Jak czytamy w portalu sport.tv2.dk powołującym się na analizy firmy "Sportradar", 26 spotkań, które mogły być ustawione, rozegrano między wrześniem 2016 roku a listopadem 2017 roku. Chodzi o starcia w ligach krajowych oraz w Lidze Mistrzów. Analiza tych meczów miała wykazać wyraźne znaki, że mogły zostać one ustawione.
Siedem firm bukmacherskich zgłosiło się do "Sportradaru" z podejrzeniem oszustw w tych meczach. Na poszczególne zakłady ich dotyczących miały zostać postawione duże sumy pieniędzy. Chodzi o spotkania czołowych drużyn w Europie – m.in. THW Kiel, Veszprem czy Vive Kielce.
Eksperci duńskiej "TV 2" przeanalizowali część z "podejrzanych" meczów. Jak przekazują, w ich trakcie zostały podjęte kontrowersyjne decyzje. A co najważniejsze, wszystkie sprzyjają dokładnym zakładom postawionym na dane starcie.
O ustawianie łącznie aż siedmiu spotkań są podejrzani Chorwaci – Matija Gubica i Boris Milosević. A to jeden z duetów sędziujących mecze na trwających mistrzostwach świata w Polsce i Szwecji.

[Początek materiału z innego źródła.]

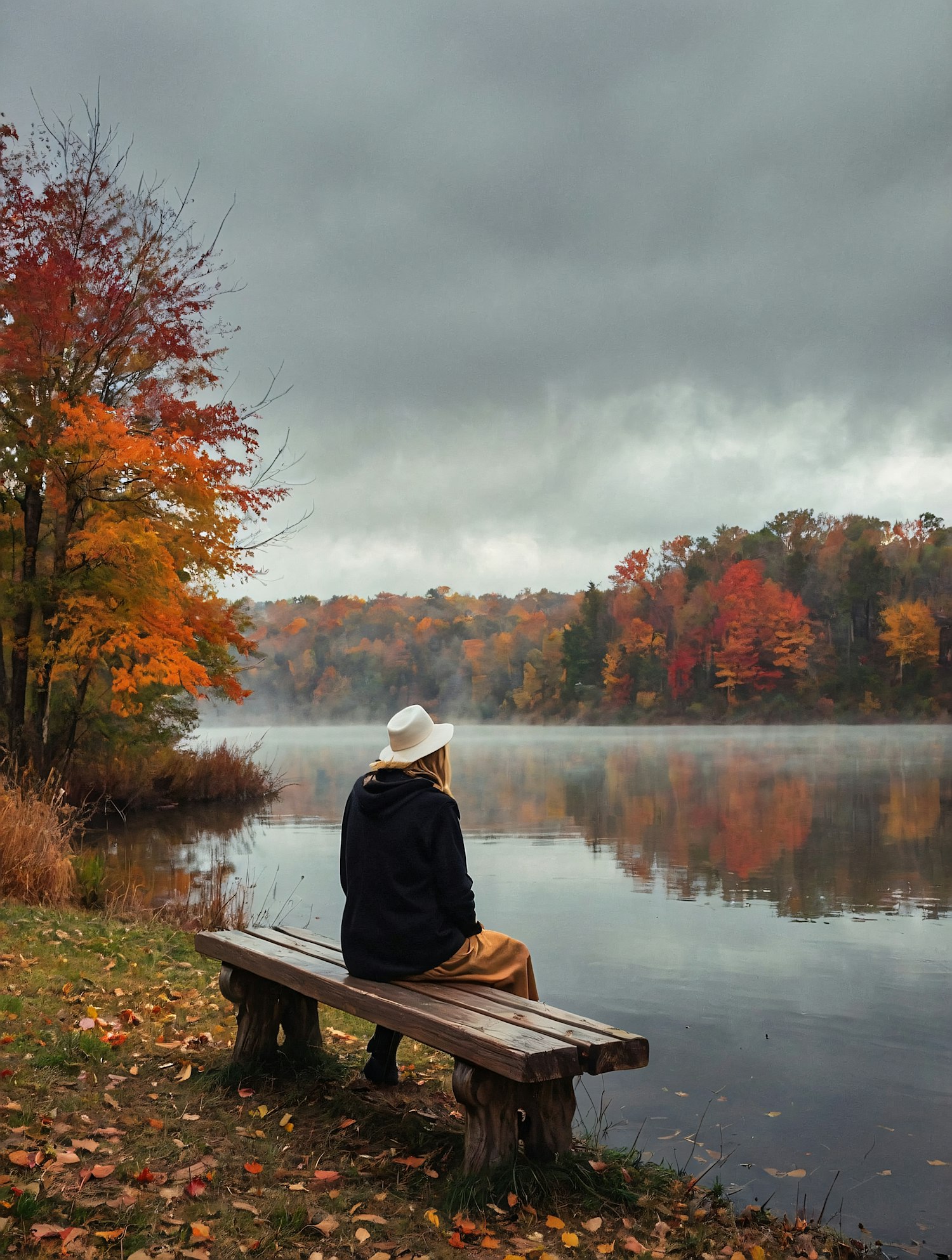 Woman in white hat sits on a bench by a misty lake surrounded by vibrant autumn foliage under an overcast sky.

To oni odpowiadali także za orzekanie w starciu decydującym o mistrzostwie Polski pomiędzy Vive Kielce a Wisłą Płock. W tamtym spotkaniu pokazano łącznie aż pięć czerwonych kartek (ten mecz nie jest wymieniony w raporcie). W rozmowie z "TV 2" sędziowie zaprzeczyli doniesieniom o powiązaniu z ustawianiem meczów.

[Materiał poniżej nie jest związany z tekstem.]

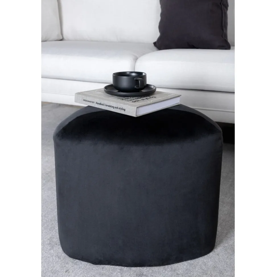 Sittpuff av trä, klädd med polyestertyg.

Inną parą podejrzaną o ustawianie meczów i będącą na tegorocznych mistrzostwach świata, jest duet Giorgij Nachevski – Slave Nikolov. W ich przypadku w raporcie jest mowa o podejrzanych dwóch spotkaniach. Macedończycy odmówili komentarza w tej sprawie.
A to oni sędziowali starcie Vive Kielce z Veszprem z 15 października 2017 roku, co do którego są duże podejrzenia. Mecz zakończył się wynikiem 32:32. W raporcie pada informacja, że na to spotkanie doszło do podejrzanych zakładów właśnie na remis.
A sami sędziowie mieli przyczyniać się do tego, aby różnica goli w trakcie starcia nie była zbyt duża. Przyznawano przy tym dużo wątpliwych rzutów wolnych.
Kontrowersyjną decyzję podjęto także na kilka sekund przed końcem meczu, po tym, jak zawodnicy Veszprem zdobyli wyrównującą bramkę. Na dwie sekundy przed końcem kielczanie oddali rzut z połowy, w którym wyraźnie przeszkadzał stojący za blisko rywal. Sędzia powinien wówczas ukarać go czerwoną kartką, czego nie uczynił. Wynik starcia, ani ostatnia decyzja, mimo protestów zawodników polskiego klubu, nie zostały zmienione.